What you have to do: The lines to transcribe run from the top of the material below to the line with "日亞化于上周來(lái)臺(tái)與媒", inclusive. Leave the pictures behind.

Given information:
┄┄┄┄┄┄

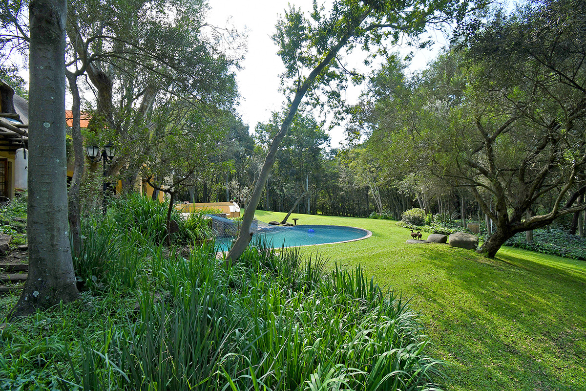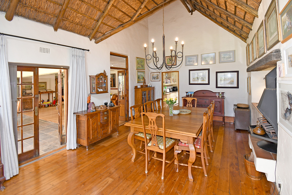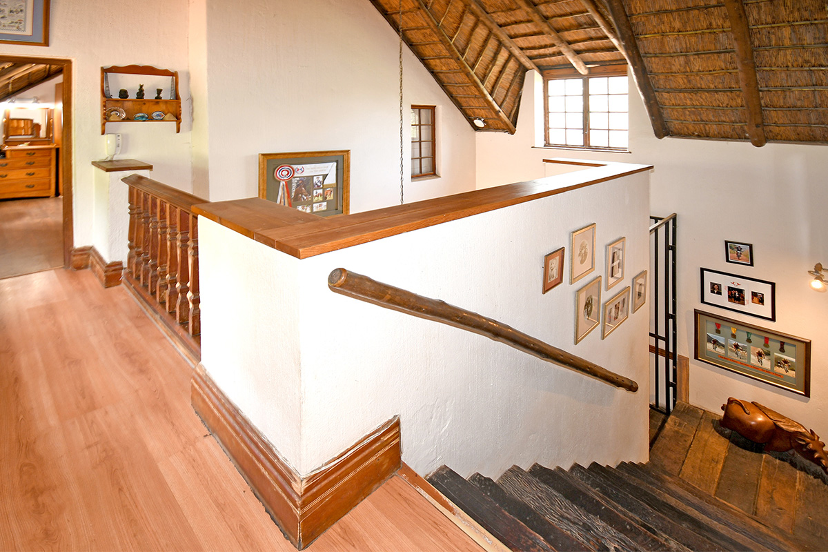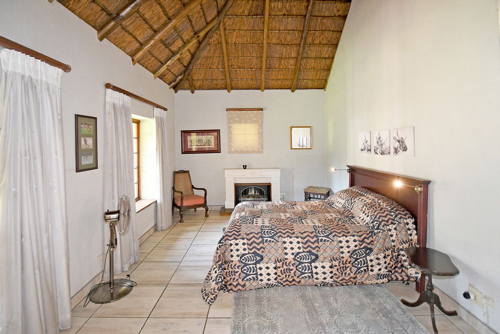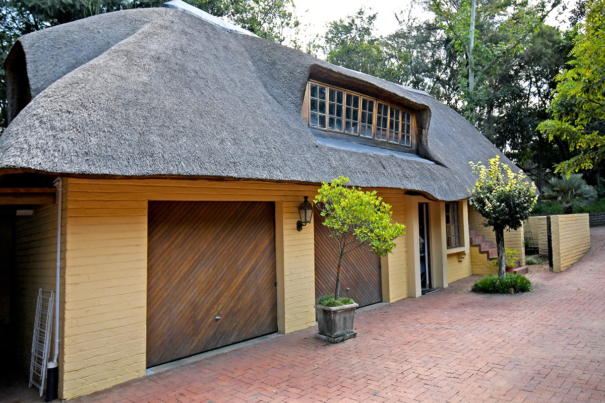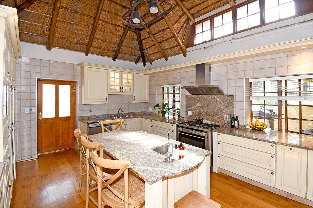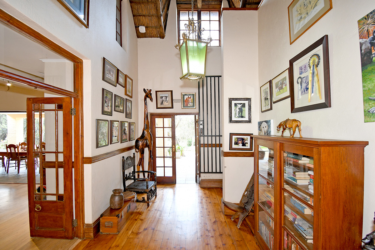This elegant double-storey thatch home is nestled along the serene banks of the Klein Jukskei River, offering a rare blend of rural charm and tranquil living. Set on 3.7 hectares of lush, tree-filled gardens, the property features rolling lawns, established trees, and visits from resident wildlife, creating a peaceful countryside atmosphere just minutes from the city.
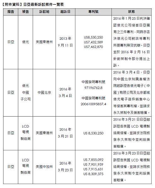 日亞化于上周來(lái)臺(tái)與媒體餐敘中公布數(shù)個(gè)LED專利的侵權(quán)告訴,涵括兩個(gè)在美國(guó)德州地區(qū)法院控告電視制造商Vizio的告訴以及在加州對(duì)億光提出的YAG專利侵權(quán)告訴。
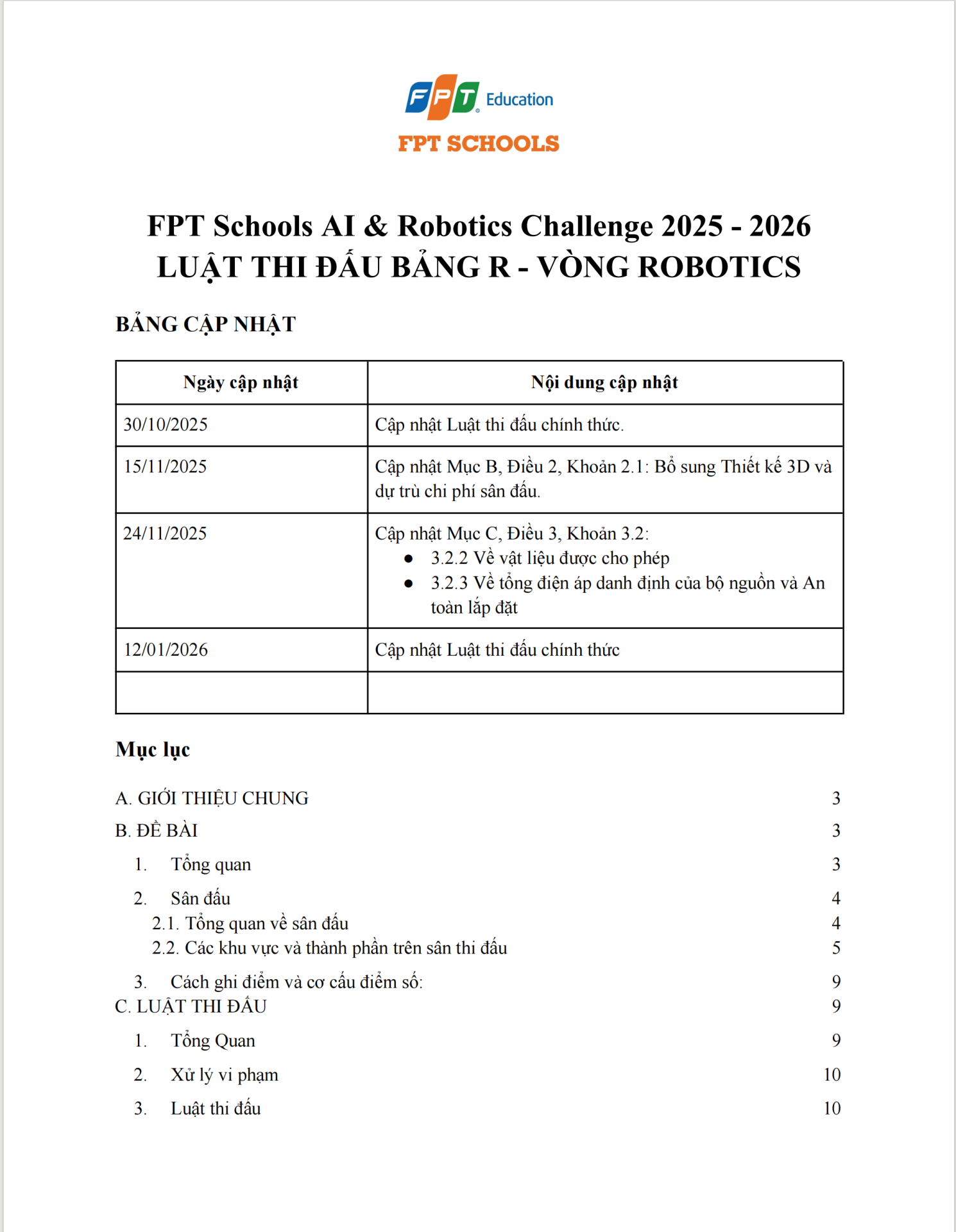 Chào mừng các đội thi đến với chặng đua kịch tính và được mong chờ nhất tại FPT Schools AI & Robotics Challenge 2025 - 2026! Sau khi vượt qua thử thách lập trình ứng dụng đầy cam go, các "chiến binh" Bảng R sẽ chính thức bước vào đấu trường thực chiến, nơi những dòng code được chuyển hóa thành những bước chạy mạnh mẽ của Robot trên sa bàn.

┄┄┄┄┄┄

Task response:
This elegant double-storey thatch home is nestled along the serene banks of the Klein Jukskei River, offering a rare blend of rural charm and tranquil living. Set on 3.7 hectares of lush, tree-filled gardens, the property features rolling lawns, established trees, and visits from resident wildlife, creating a peaceful countryside atmosphere just minutes from the city.
 日亞化于上周來(lái)臺(tái)與媒體餐敘中公布數(shù)個(gè)LED專利的侵權(quán)告訴,涵括兩個(gè)在美國(guó)德州地區(qū)法院控告電視制造商Vizio的告訴以及在加州對(duì)億光提出的YAG專利侵權(quán)告訴。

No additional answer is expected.